What is expected:
The answer must give back every line of the data exactly, with no pictures.

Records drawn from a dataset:
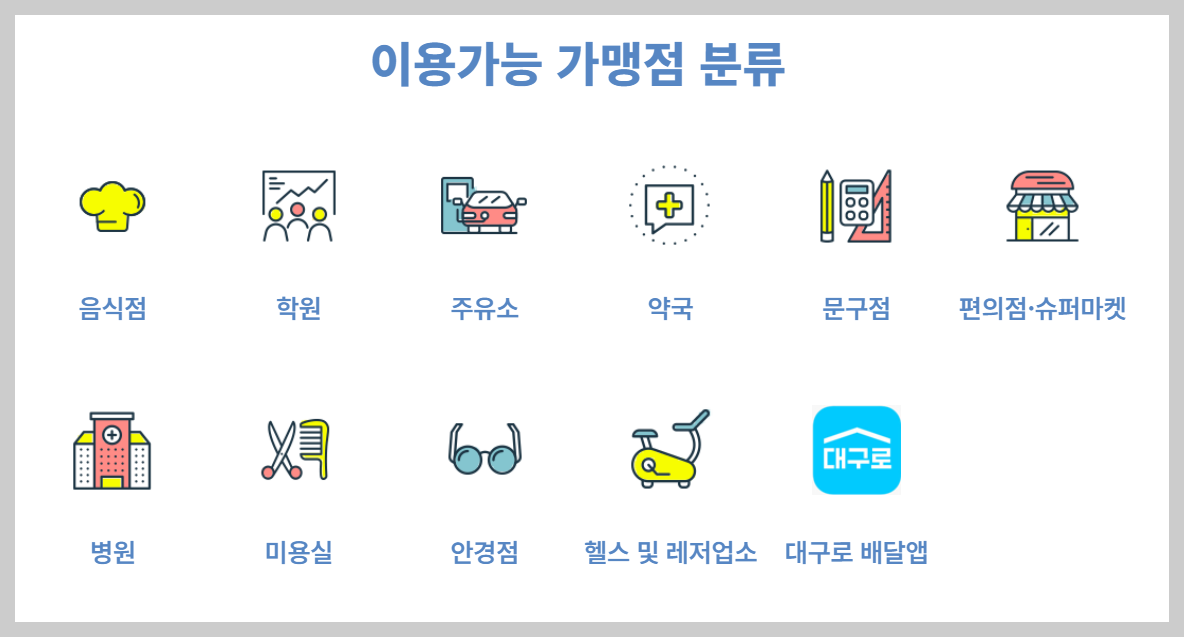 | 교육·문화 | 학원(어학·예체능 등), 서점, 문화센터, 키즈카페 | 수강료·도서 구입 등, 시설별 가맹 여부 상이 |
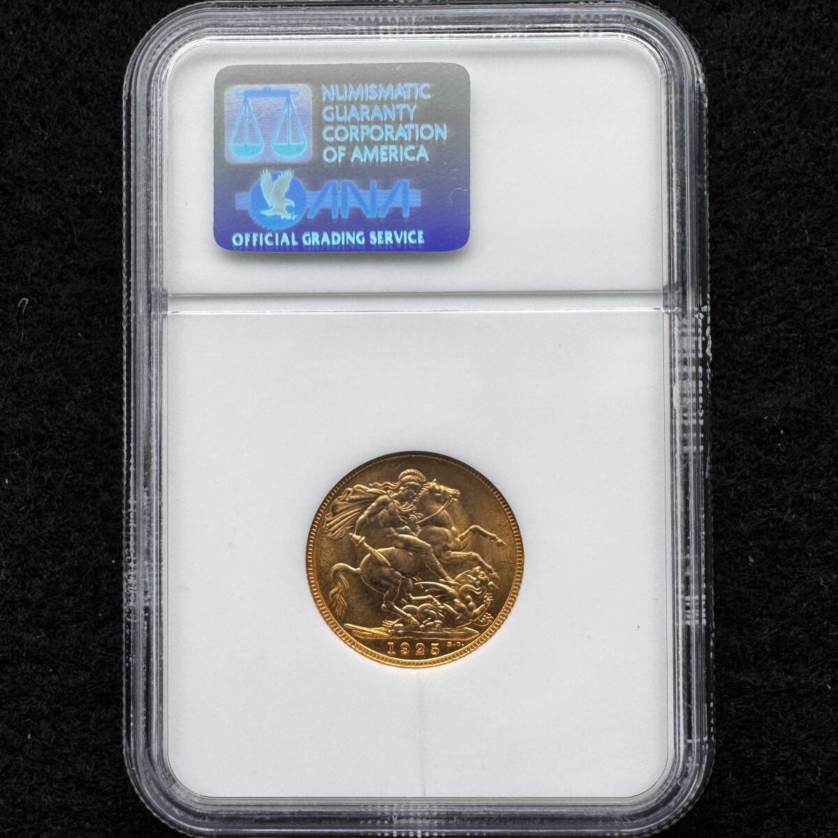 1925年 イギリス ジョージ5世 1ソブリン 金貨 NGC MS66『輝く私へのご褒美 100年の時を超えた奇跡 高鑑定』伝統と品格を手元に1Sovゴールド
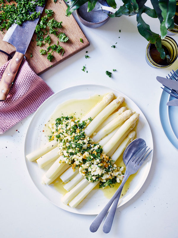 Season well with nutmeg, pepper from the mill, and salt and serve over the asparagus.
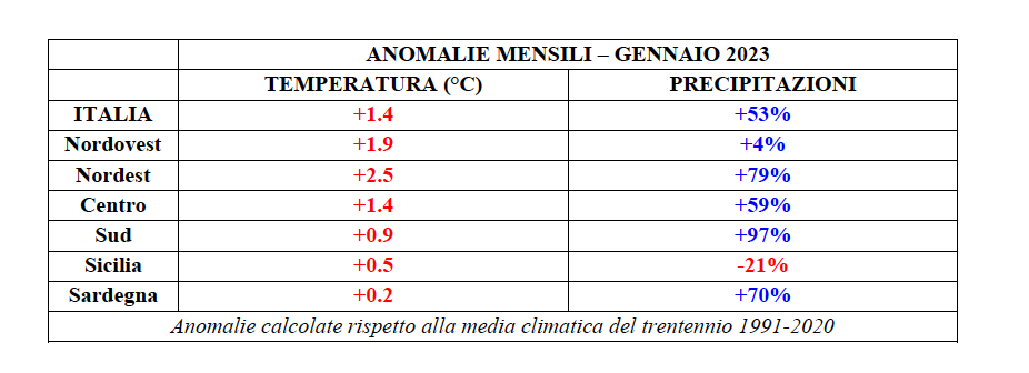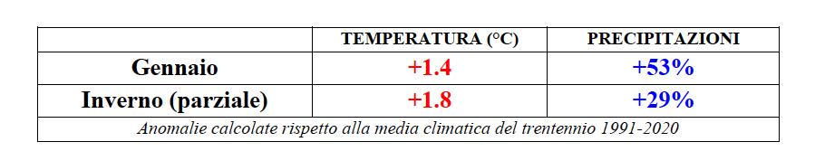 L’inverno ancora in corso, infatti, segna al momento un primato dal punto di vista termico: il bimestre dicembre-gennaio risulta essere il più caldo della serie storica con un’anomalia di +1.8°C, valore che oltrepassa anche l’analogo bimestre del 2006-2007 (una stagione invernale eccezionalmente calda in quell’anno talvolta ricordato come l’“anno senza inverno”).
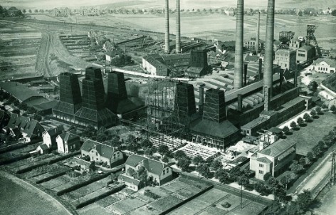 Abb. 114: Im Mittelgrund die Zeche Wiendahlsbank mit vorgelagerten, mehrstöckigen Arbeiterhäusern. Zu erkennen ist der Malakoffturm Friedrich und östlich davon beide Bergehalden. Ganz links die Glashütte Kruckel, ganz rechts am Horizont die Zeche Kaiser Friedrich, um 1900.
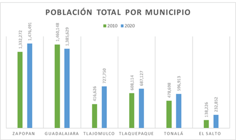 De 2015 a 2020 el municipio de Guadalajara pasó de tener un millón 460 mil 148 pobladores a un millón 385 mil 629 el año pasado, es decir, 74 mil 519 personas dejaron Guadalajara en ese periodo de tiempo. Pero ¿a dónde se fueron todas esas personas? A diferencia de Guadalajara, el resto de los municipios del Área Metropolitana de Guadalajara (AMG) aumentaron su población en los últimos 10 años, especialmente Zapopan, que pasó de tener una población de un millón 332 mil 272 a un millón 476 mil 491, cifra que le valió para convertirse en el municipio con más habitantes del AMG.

Expected answer:
 | 교육·문화 | 학원(어학·예체능 등), 서점, 문화센터, 키즈카페 | 수강료·도서 구입 등, 시설별 가맹 여부 상이 |
 1925年 イギリス ジョージ5世 1ソブリン 金貨 NGC MS66『輝く私へのご褒美 100年の時を超えた奇跡 高鑑定』伝統と品格を手元に1Sovゴールド
 Season well with nutmeg, pepper from the mill, and salt and serve over the asparagus.
 L’inverno ancora in corso, infatti, segna al momento un primato dal punto di vista termico: il bimestre dicembre-gennaio risulta essere il più caldo della serie storica con un’anomalia di +1.8°C, valore che oltrepassa anche l’analogo bimestre del 2006-2007 (una stagione invernale eccezionalmente calda in quell’anno talvolta ricordato come l’“anno senza inverno”).
 Abb. 114: Im Mittelgrund die Zeche Wiendahlsbank mit vorgelagerten, mehrstöckigen Arbeiterhäusern. Zu erkennen ist der Malakoffturm Friedrich und östlich davon beide Bergehalden. Ganz links die Glashütte Kruckel, ganz rechts am Horizont die Zeche Kaiser Friedrich, um 1900.
 De 2015 a 2020 el municipio de Guadalajara pasó de tener un millón 460 mil 148 pobladores a un millón 385 mil 629 el año pasado, es decir, 74 mil 519 personas dejaron Guadalajara en ese periodo de tiempo. Pero ¿a dónde se fueron todas esas personas? A diferencia de Guadalajara, el resto de los municipios del Área Metropolitana de Guadalajara (AMG) aumentaron su población en los últimos 10 años, especialmente Zapopan, que pasó de tener una población de un millón 332 mil 272 a un millón 476 mil 491, cifra que le valió para convertirse en el municipio con más habitantes del AMG.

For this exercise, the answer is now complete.